3.2. Text-Independent Phone-to-Audio Alignment on SCRIBE
A second part of the experiments in our proposed model is to evaluate it on British English.
The SCRIBE (
https://www.phon.ucl.ac.uk/resource/scribe/, accessed on 15 August 2024) dataset is a small corpus of read speech and spontaneous speech specializing in British English. It consists of 200 ‘phonetically rich’ sentences and 460 ‘phonetically compact’ sentences. The ‘phonetically rich’ sentences are phonetically balanced. The ‘phonetically compact’ sentences are based on a British version of the MIT compact sentences (as in TIMIT). There are 45 files in the dataset of 30–50 s containing 5–10 sentences.
The audio files and the phoneme annotations needed some processing before we could start using the dataset. The phonemes are in SAMPA form and needed to be converted to the English ARPABET. Even after the conversion from SAMPA to ARPABET, there were symbols that we could not retrieve, so we filtered them out.

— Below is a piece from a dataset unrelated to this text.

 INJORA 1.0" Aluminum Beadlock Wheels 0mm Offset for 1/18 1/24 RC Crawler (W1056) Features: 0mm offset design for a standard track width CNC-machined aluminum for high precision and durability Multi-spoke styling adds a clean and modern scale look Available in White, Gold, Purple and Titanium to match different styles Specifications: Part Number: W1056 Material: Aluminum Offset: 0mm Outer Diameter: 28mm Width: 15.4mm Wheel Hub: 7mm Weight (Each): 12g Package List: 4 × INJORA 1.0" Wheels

We evaluated the charsiu model and our proposed model using SCRIBE and achieved the metrics that are depicted in
Table 2.
Upon close examination of the results presented in
Table 2, it becomes evident that the metrics associated with our proposed model exhibit a greater uniformity in values when compared to charsiu. Furthermore, these metrics generally surpass those of charsiu, albeit with the exception of precision. The uniformity observed in our model’s metrics can be attributed to the utilization of a more balanced reduced-frame dataset during training, which serves to mitigate biases and yield more consistent outcomes. Moreover, the superior quality of audio files within the SCRIBE dataset, resembling professional studio recordings with minimal noise, likely contributes to the heightened metrics observed for both charsiu and our proposed model when contrasted with the TIMIT dataset.

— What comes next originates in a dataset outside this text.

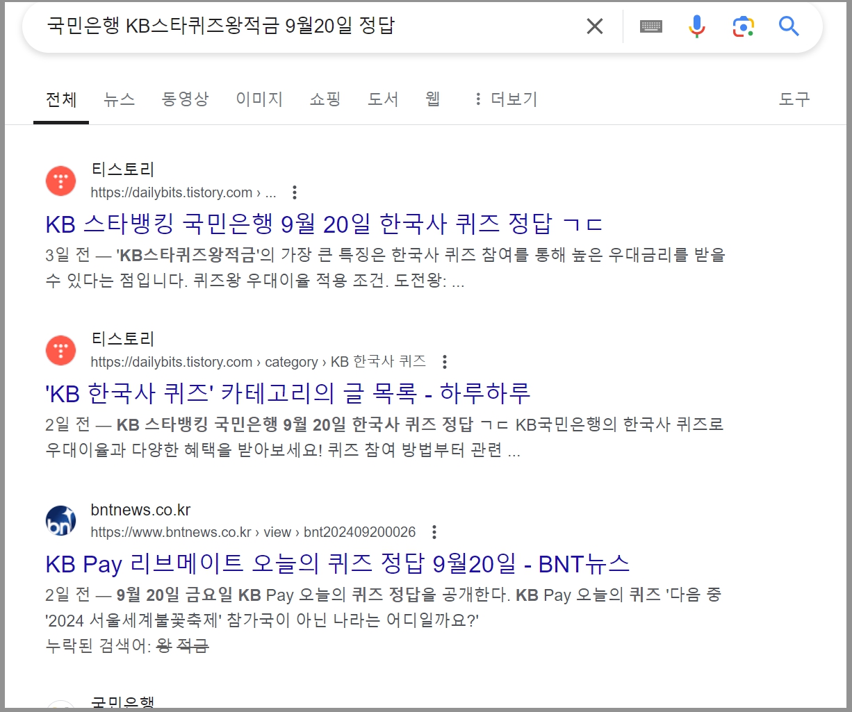 - 검색창에 <국민은행 KB스타퀴즈왕적금 정답> 또는 < 국민은행 KB스타퀴즈왕적금 0월0일 정답> 입력 후 검샏

Consequently, our system demonstrates enhanced generalization across various accents, laying the foundation for potential expansion to other languages. The key lies in leveraging the underlying Wav2Vec2 XLSR framework, and the methodology employed with MAILABS can seamlessly be replicated with different datasets, opening avenues for utilizing non-native English accents and broader linguistic applications.
4. Conclusions
In this paper, we introduced an innovative text-independent phone alignment system designed to be language-independent. Our method harnesses a self-supervised model (Wav2Vec2) fine-tuned for phoneme recognition through a CTC loss, alongside a dimensional reduction model (PCA) and a frame-level phoneme classifier. Through experiments using native data with varying accents, we assessed our model’s performance on both American and British English, benchmarking it against the state-of-the-art charsiu model. Encouragingly, our results demonstrate robustness and applicability to diverse accents, such as British English.
However, certain limitations are acknowledged. Firstly, the reducer and classifier have been trained on a restricted amount of data specific to native English, posing a constraint. Secondly, our model relies on forced-aligned datasets of native speech for effective learning, introducing another limitation. Thirdly, the SCRIBE dataset that we used is a smaller dataset of British English as compared to the TIMIT dataset. A lack of well-annotated datasets, especially on the phoneme level, is one of our biggest challenges.
Future research directions could explore the incorporation of datasets containing non-native English data. This involves re-training the shallow reducer and classifier models using non-native speech data. Furthermore, extending our approach to languages beyond English and evaluating its performance with real-world data from language learners presents an intriguing avenue for exploration. Our work lays the foundation for further experiments in the realm of text-independent phone-to-audio alignment, especially in the context of non-native English.